65 year old man with ulcers all over the body,pedal edema,shortness of breath

 This is an online e log book to discuss our patient de-identified health data shared after taking his / her / guardians signed informed consent. Here we discuss our individual patients problems through series of inputs from available global online community of experts with an aim to solve those patients clinical problem with collective current best evident based input.

This E blog also reflects my patient centered online learning portfolio and your valuable inputs on the comment box is welcome.

I have been given this case to solve in an attempt to understand the topic of " patient clinical data analysis" to develop my competency in reading and comprehending clinical data including history, clinical findings, investigations and come up with diagnosis and treatment plan.

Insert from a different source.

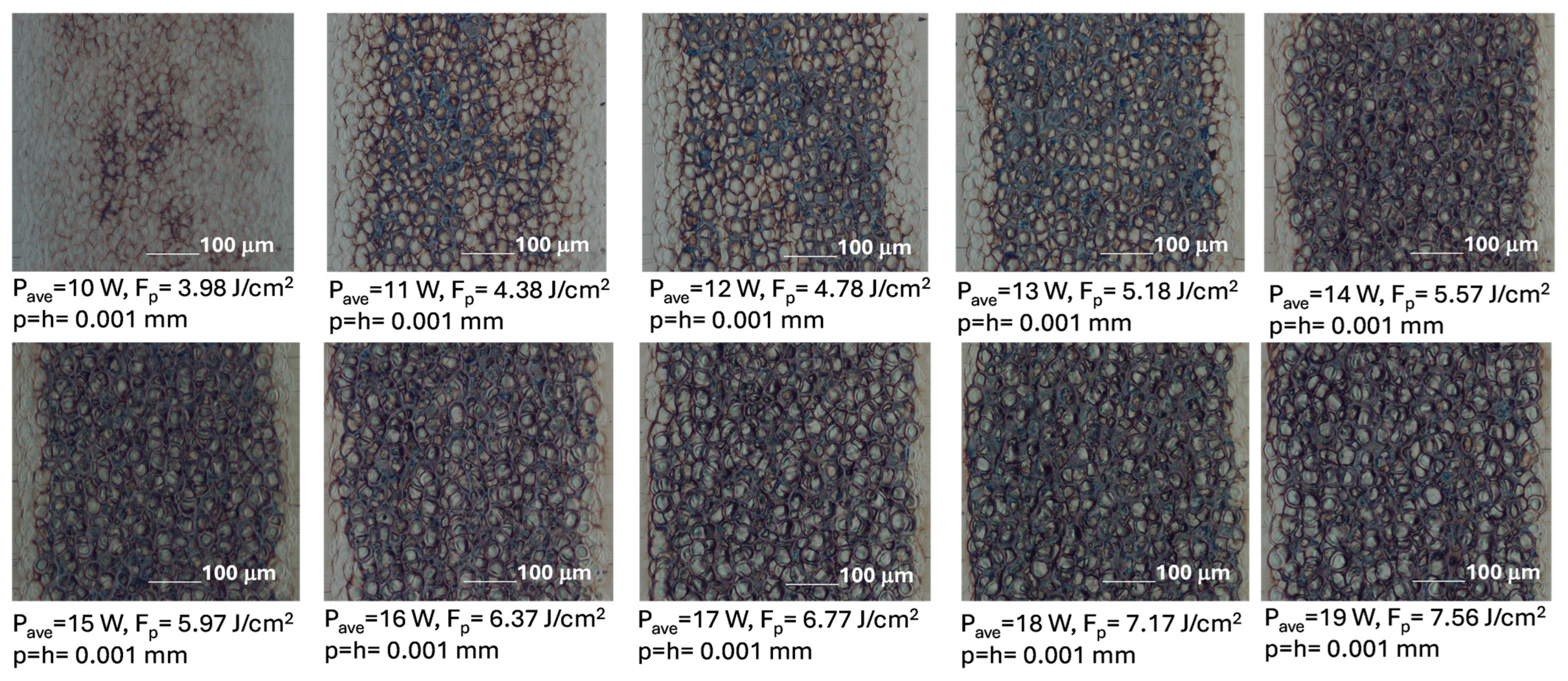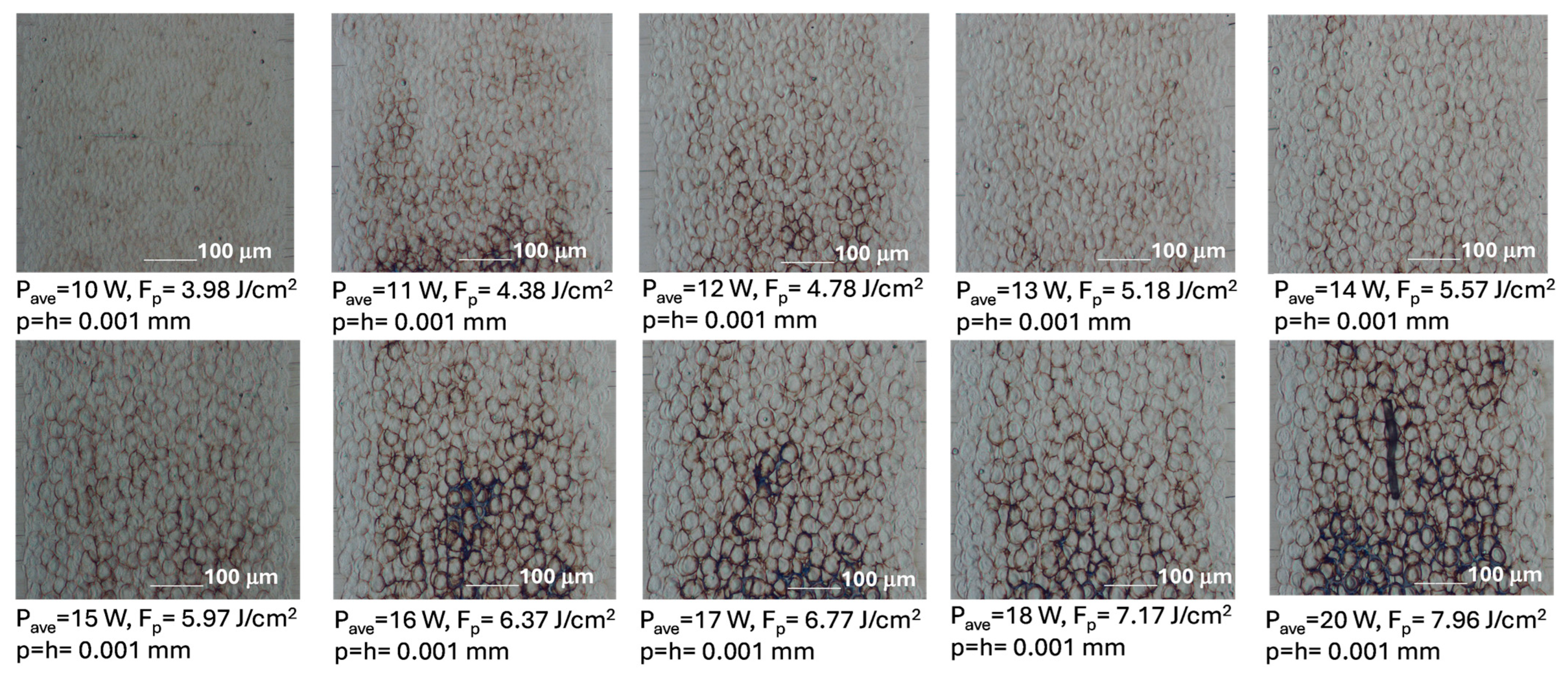 | AISI 304 | Nd: YVO4 | 355 nm; 25 ns; 40 kHz; 400–500 mm/s; 0.03 mm | Surface oxidation | [10] |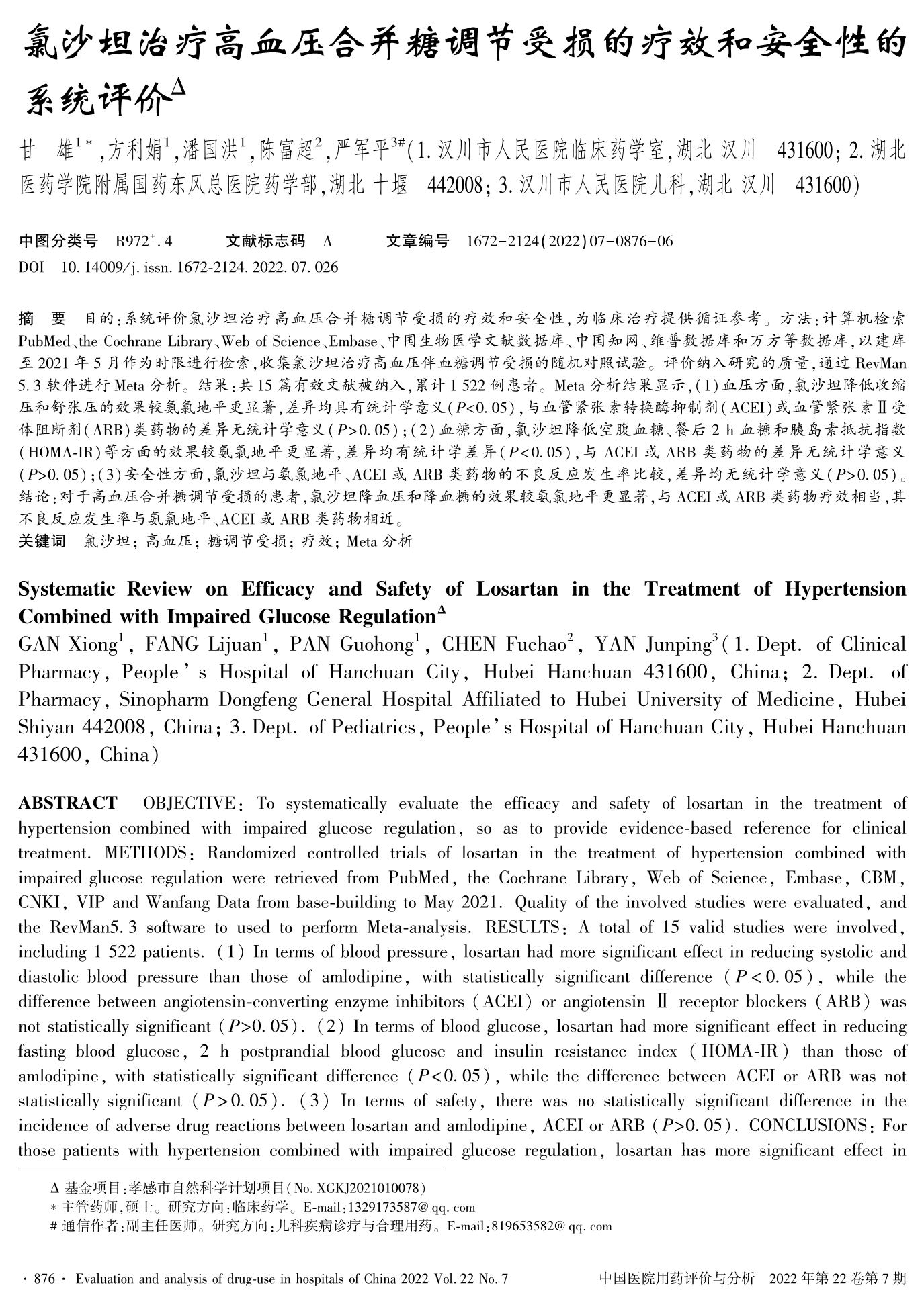 氯沙坦治療高血壓合并糖調(diào)節(jié)受損的療效和安全性的系統(tǒng)評(píng)價(jià)

AFEEFA FARZANA ,8th SEMESTER

Roll no:09

This is a case of 65 year old male patient resident of Warangal carpenter by occupation 


CHIEF COMPLAINTS 

ulcers all over the body since 2 months

Pedal edema since 10 days

shortness of breath since 10 days

Decreased urine output since 10 days 


HISTORY OF PRESENTING ILLNESS 

Patient was apparently asymptomatic 2 months ago,then he had pustules over the right hypochondriac region which eventually progressed to ulcer and relieved after using medication 

These ulcers started over his Abdomen and then he had ulcers all over his body.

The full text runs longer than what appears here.